Thomas juga berharap arah pembangunan wisata di wilayah utara Kota Batu lebih menitikberatkan pada konsep wisata berbasis ekologi dibandingkan wisata buatan yang dinilai berpotensi meningkatkan risiko kerusakan alam.

“Harapan kami, di wilayah utara itu dikurangi wisata-wisata buatan, dan wisata ekologi lebih dikedepankan sehingga selaras dengan visi misi Mbatu SAE. Karena di situ ditegaskan terkait bagaimana kita menjaga ekologi ke depan. Sehingga ini mengurangi dampak kerusakan lingkungan yang mengakibatkan tanah longsor, banjir lumpur dan lain sebagainya,” imbuhnya.

Selain menjadi wadah komunikasi, forum Pelita juga diharapkan dapat menjadi jembatan penyampaian aspirasi masyarakat kepada pemerintah terkait persoalan lingkungan yang terjadi di tingkat bawah.

Harapan tersebut disampaikan salah satu pemerhati lingkungan, Robiyan. Ia menegaskan bahwa forum Pelita jangan sampai hanya menjadi seremoni tanpa tindakan nyata di lapangan.

Kepada Lingkarmedia.com, Robiyan mengatakan keberadaan forum tersebut harus benar-benar berpihak pada perlindungan lingkungan dan sumber mata air yang selama ini dinilai terus mengalami ancaman.

“Forum Pelita itu agar tidak menjadi seremoni, kita minta Pelita menjadi bagian penyampaian atau penyambung dari pemerintah. Karena yang merusak lingkungan di Kota Batu terkait sumber-sumber mata air ini, pertama orang membawa uang dan kedua dekat dengan penguasa. Itulah yang akhirnya menjadi rusaknya di Kota Batu ini,” tegasnya.

Menurut Robiyan, lemahnya pengawasan terhadap aktivitas investor sering kali memicu konflik dengan warga. Karena itu ia berharap forum Pelita nantinya memiliki peran aktif dalam pengawasan lingkungan mulai tingkat RT hingga pemerintah kota.

“Harapannya untuk menjadi pengawas di daerah tingkat RT, RW, dusun, desa sampai tingkat kota. Supaya nanti ketika ada investor masuk tidak semena-mena, tiba-tiba mengebor,” ujarnya.
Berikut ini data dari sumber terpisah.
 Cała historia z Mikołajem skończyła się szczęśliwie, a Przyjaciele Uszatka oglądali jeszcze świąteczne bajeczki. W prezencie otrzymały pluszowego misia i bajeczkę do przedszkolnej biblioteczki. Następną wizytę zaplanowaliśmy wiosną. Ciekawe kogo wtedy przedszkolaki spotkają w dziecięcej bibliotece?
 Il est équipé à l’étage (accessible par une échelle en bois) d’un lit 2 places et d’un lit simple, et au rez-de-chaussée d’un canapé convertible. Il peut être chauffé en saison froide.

Senada dengan Robiyan, tokoh masyarakat Desa Giripurno, Darsono atau yang akrab disapa Cak Bagong, juga menyampaikan harapan besar terhadap forum Pelita. Ia menilai forum tersebut harus memiliki keberanian dan kekuatan hukum dalam melindungi masyarakat dari praktik-praktik usaha yang merusak lingkungan.

Menurutnya, selama ini masyarakat sering merasa lemah ketika menghadapi investor yang dianggap tidak mematuhi aturan lingkungan maupun perizinan.
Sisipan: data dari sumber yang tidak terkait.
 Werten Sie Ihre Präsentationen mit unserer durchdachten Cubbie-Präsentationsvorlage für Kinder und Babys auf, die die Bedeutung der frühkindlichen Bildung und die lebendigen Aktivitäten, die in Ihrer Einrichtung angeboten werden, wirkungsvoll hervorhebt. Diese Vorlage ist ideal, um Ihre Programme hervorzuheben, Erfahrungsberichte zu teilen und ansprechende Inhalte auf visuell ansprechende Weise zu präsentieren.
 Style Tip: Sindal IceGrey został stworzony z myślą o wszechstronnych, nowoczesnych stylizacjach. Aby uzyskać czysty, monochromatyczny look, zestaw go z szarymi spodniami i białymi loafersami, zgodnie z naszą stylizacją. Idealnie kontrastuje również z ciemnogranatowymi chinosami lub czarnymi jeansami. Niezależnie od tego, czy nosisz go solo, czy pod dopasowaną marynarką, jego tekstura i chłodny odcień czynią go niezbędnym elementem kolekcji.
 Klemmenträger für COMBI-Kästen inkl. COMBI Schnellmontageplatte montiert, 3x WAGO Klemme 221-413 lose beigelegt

“Pelita harus bisa menjadi benteng minimal di Bumiaji dan Kota Batu ke depannya, dan memiliki pegangan hukum sebagai pegangan untuk menutup pengusaha-pengusaha brengsek itu, yang tidak taat aturan termasuk izin-izin, pengrusakan lingkungan mengenai sumber mata air dan pohon-pohon sekitar sumber,” ucap Darsono.

Dengan nada tegas, Darsono mengingatkan agar pembentukan forum tersebut tidak berhenti pada tataran formalitas semata. Ia berharap pemerintah benar-benar memberikan dukungan nyata baik dari sisi regulasi maupun perlindungan hukum terhadap forum tersebut.
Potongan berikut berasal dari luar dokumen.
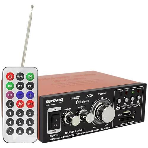 O Amplificador Receiver Soundvoice Rc02-Bt 60W Rms 4 Canais é a escolha ideal para aprimorar sua experiência sonora. Com suporte para reprodução de cartão SD, disco USB e rádio FM estéreo, você pode desfrutar de sua música favorita em diferentes formatos, incluindo MP3.
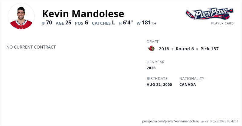 Kevin Mandolese is an Unrestricted Free Agent (No Qualifying Offer). His last contract was 1 year, $775,000 with a cap hit of $775,000 per season. It expired at the end of the 2024-25 season.
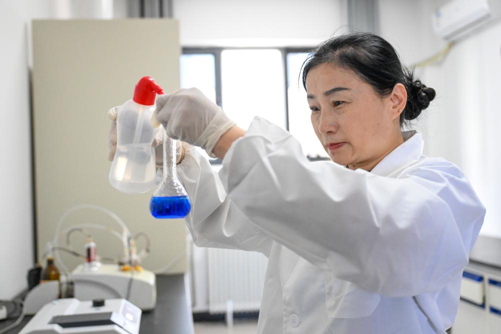 在位于新疆昌吉回族自治州玛纳斯县的新疆中能万源化工有限公司,工作人员在进行成品检验(3月5日摄)。
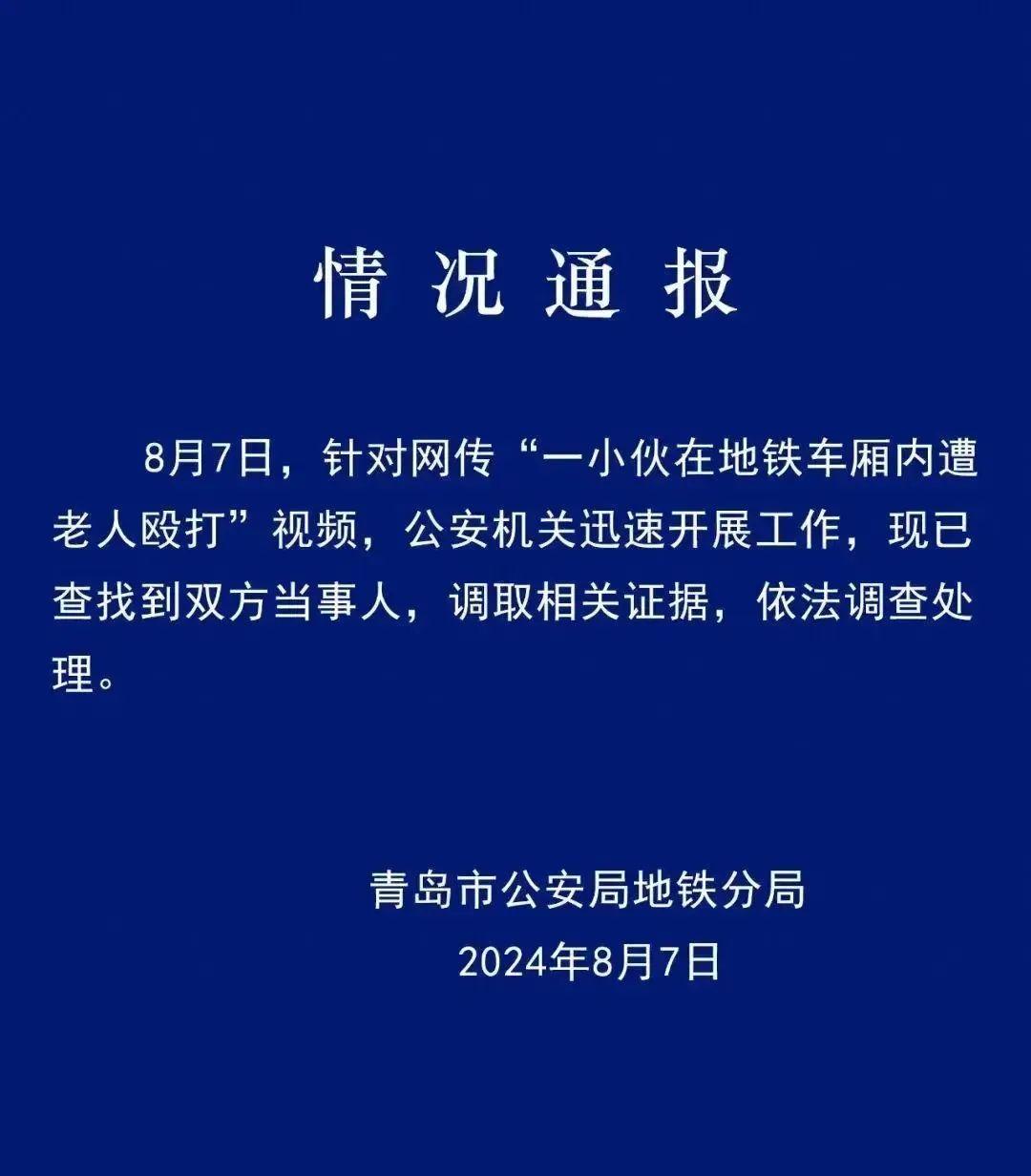 8月9日,微信公眾號“青島地鐵公安”再發(fā)通報詳述案情。通報稱,8月7日,和某城(男,23歲,無業(yè))乘坐地鐵期間對周圍多名乘客進行言語滋擾,在對翟某緒(男,69歲,退休職工)進行滋擾辱罵后,雙方發(fā)生肢體沖突,過程中和某城扯破翟某緒上衣,翟某緒擊打和某城面部。公安機關(guān)依法對和某城處以行政拘留處罰,翟某緒毆打和某城致其鼻骨粉碎性骨折,傷情損傷程度為輕傷二級,涉嫌故意傷害罪,依法對其采取刑事強制措施,案件正在進一步辦理中。

“Kalau dibentuk Pelita pun tidak memenuhi syarat untuk menguasai bidang itu dan tidak dilindungi pemerintah serta hukumnya buat apa dibentuk forum Pelita,” tandasnya.

Pembentukan forum Pelita menjadi langkah awal Pemerintah Kecamatan Bumiaji dalam membangun kesadaran kolektif terkait pentingnya menjaga keseimbangan lingkungan di kawasan pegunungan Kota Batu. Di tengah meningkatnya ancaman kerusakan alam akibat alih fungsi lahan dan pembangunan wisata, forum ini diharapkan mampu menjadi ruang kolaborasi sekaligus pengawas sosial dalam menjaga sumber mata air, kawasan hutan dan keselamatan masyarakat.

Dengan melibatkan berbagai unsur mulai pemerintah, masyarakat hingga pemerhati lingkungan, Pelita diharapkan tidak hanya menjadi simbol kepedulian ekologis, tetapi benar-benar mampu melahirkan langkah konkret untuk menjaga kelestarian alam Bumiaji bagi generasi mendatang.